:: Problem description ::
The response must be made up of the lines in the entries below that contain "seamlessly".

Top of Information

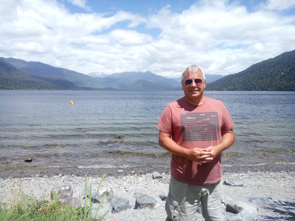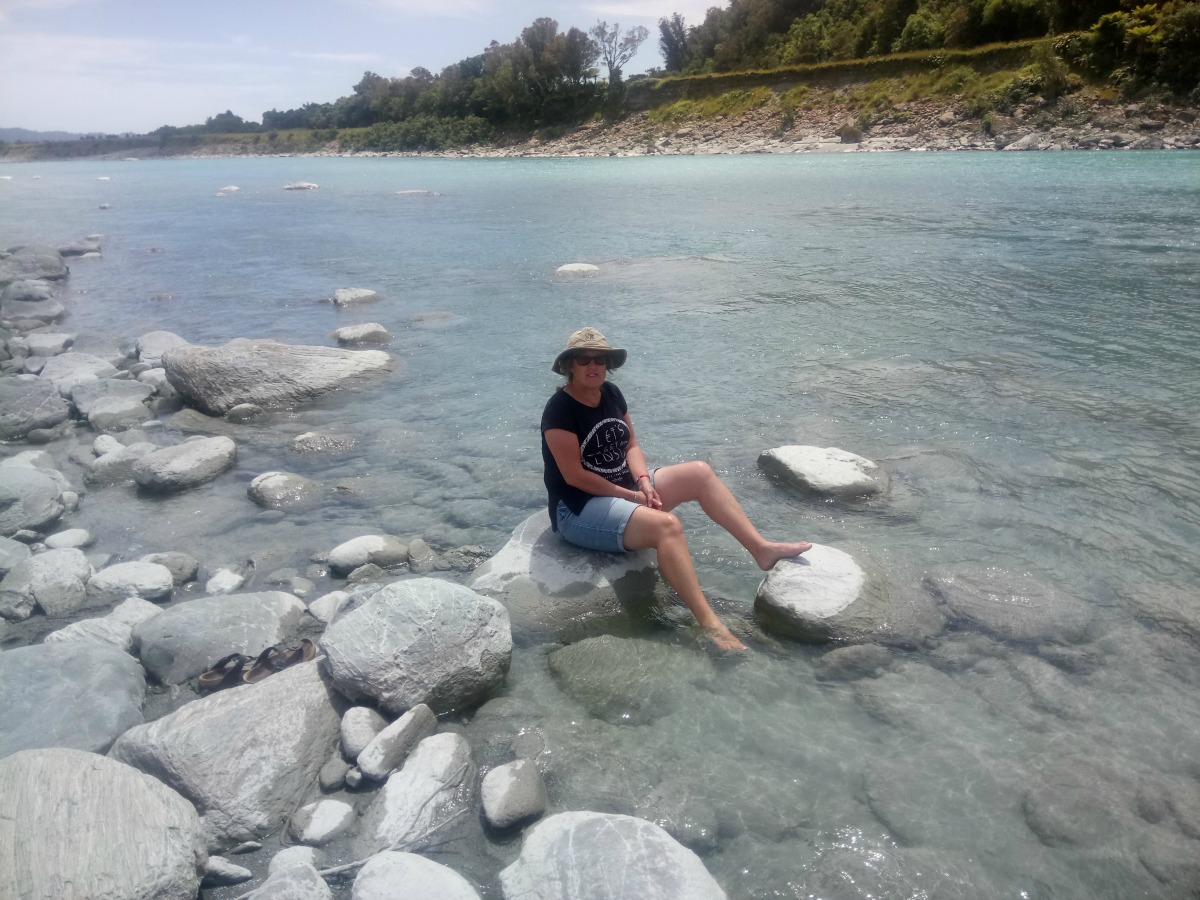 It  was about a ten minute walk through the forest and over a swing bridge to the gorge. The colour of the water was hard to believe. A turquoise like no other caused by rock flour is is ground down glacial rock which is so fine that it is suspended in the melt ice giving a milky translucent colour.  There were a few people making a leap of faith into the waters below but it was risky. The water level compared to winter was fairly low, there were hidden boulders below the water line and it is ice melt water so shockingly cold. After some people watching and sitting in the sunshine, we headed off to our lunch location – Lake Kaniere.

Bottom of Information
Top of Information

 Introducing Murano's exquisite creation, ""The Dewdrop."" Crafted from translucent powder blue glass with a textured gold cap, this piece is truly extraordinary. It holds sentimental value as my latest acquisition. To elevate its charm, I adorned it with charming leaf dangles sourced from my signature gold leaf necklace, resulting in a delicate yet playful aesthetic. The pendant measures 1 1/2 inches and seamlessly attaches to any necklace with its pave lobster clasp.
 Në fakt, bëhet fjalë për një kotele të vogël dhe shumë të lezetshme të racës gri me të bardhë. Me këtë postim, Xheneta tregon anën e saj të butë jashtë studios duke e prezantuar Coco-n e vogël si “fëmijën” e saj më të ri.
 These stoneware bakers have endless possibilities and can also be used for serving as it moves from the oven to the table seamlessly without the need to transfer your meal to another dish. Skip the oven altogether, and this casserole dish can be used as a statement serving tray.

Bottom of Information

:: Result of the exercise ::
 Introducing Murano's exquisite creation, ""The Dewdrop."" Crafted from translucent powder blue glass with a textured gold cap, this piece is truly extraordinary. It holds sentimental value as my latest acquisition. To elevate its charm, I adorned it with charming leaf dangles sourced from my signature gold leaf necklace, resulting in a delicate yet playful aesthetic. The pendant measures 1 1/2 inches and seamlessly attaches to any necklace with its pave lobster clasp.
 These stoneware bakers have endless possibilities and can also be used for serving as it moves from the oven to the table seamlessly without the need to transfer your meal to another dish. Skip the oven altogether, and this casserole dish can be used as a statement serving tray.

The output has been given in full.